Community Care of North Carolina, the state Medicaid program that assigns patients to a ‘medical home’, has saved the state close to a billion dollars over a four year period, according to analysts who examined four years of state Medicaid cost data.
About 1.3 million people in North Carolina are enrolled in Medicaid, the state and federally funded program for low-income families and people with disabilities. Beginning in 2001, most of those people have been assigned to a ‘medical home’, a clinic or doctor that coordinates patients’ care and follow-up. Medicaid officials have long argued that this kind of patient care coordination prevents unnecessary clinic and hospital visits, and saves money over the long run.

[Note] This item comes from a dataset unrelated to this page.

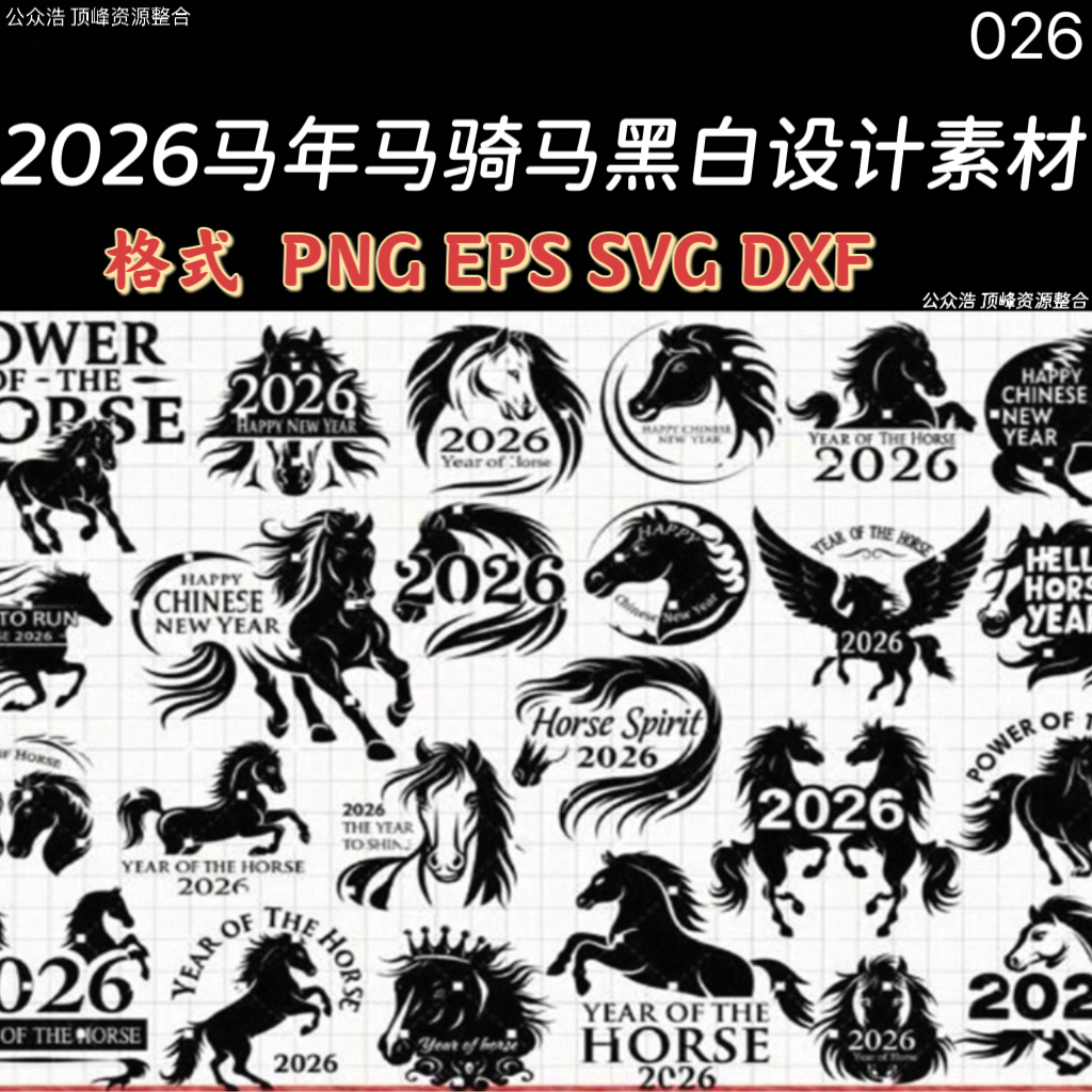 026–2026马年马骑马黑白剪切激光切割设计素材
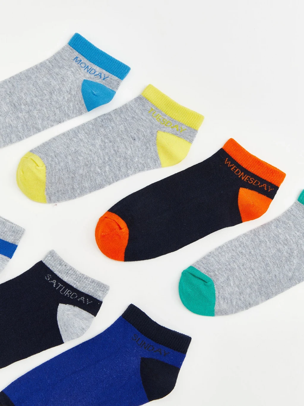 Erkek çocuk için tasarlanmış, yedi çift patik çoraptan oluşan pakettir. Her bir çorap üzerinde haftanın günleri baskısı bulunur.

The analysts’ findings seem to punctuate that point.
Bob Cosway from the actuarial firm Milliman presented his analysis to lawmakers earlier this month, that show total savings of $984 million dollars between 2007 – 2010.
“It’s difficult to quantify savings in any kind of program, because you can’t witness what didn’t happen,” Cosway said. But Cosway said he’s confident in their analysis.
Cosway compared thousands of Medicaid patients enrolled in the medical home program with similar patients not enrolled in a medical home and examined their costs over time. In general, the per person cost decreased over the four year period for people in the program. The savings rate was most notable in children, who tend to cost less overall, and in adults without disabilities. Costs for patients defined as ‘aged, blind or disabled’ stayed relatively constant over time.
The results from the Milliman analysis matches the results of other studies said Pam Silberman, President of the North Carolina Institute of Public Health. But what gets her excited is that medical homes improve the quality of care as well.
“All signs point to the idea that CCNC saves money,” Silberman said. “But the outcome data has shown that care is getting better and quality is getting better. And that was when the program was focused on people with complex health problems who need the most care management.”
About 80 percent (more than one million) NC Medicaid recipients are in enrolled in the medical home program, that includes children enrolled in Health Choice, the state’s health insurance plan for low-income children whose families are not eligible for Medicaid.
Medicaid patients enrolled in the medical home program can either choose, or be assigned, to a clinic or doctor. The North Carolina Medicaid program pays for care coordinators – usually registered nurses or social workers – to work with the doctors and the patients to help prevent patients from rotating in and out of the hospital.
Medical homes are now expanding into the commercial market, said Silberman. She says some state employees and some self-funded companies, such as GlaxoSmithKline, Kerr Drugs, and state employees in some counties are experimenting with placing their beneficiaries in medical homes.
“It’s a theory of managed care that better quality and less variation does save money,” Cosway said. “In other words, it’s not providing more to everyone that produces better results, it’s identifying – based on consensus and clinical evidence – the best way to treat a disease and do it consistently.”
Federal health officials have approved waivers that allow Arkansas and Iowa to use Medicaid dollars to pay private insurers to provide the coverage, and similar waivers have been proposed or are under consideration for Pennsylvania, New Hampshire, Utah, Pennsylvania, Wisconsin and others. Mccrory controlled by Art Pope will not allow this to happen in NC!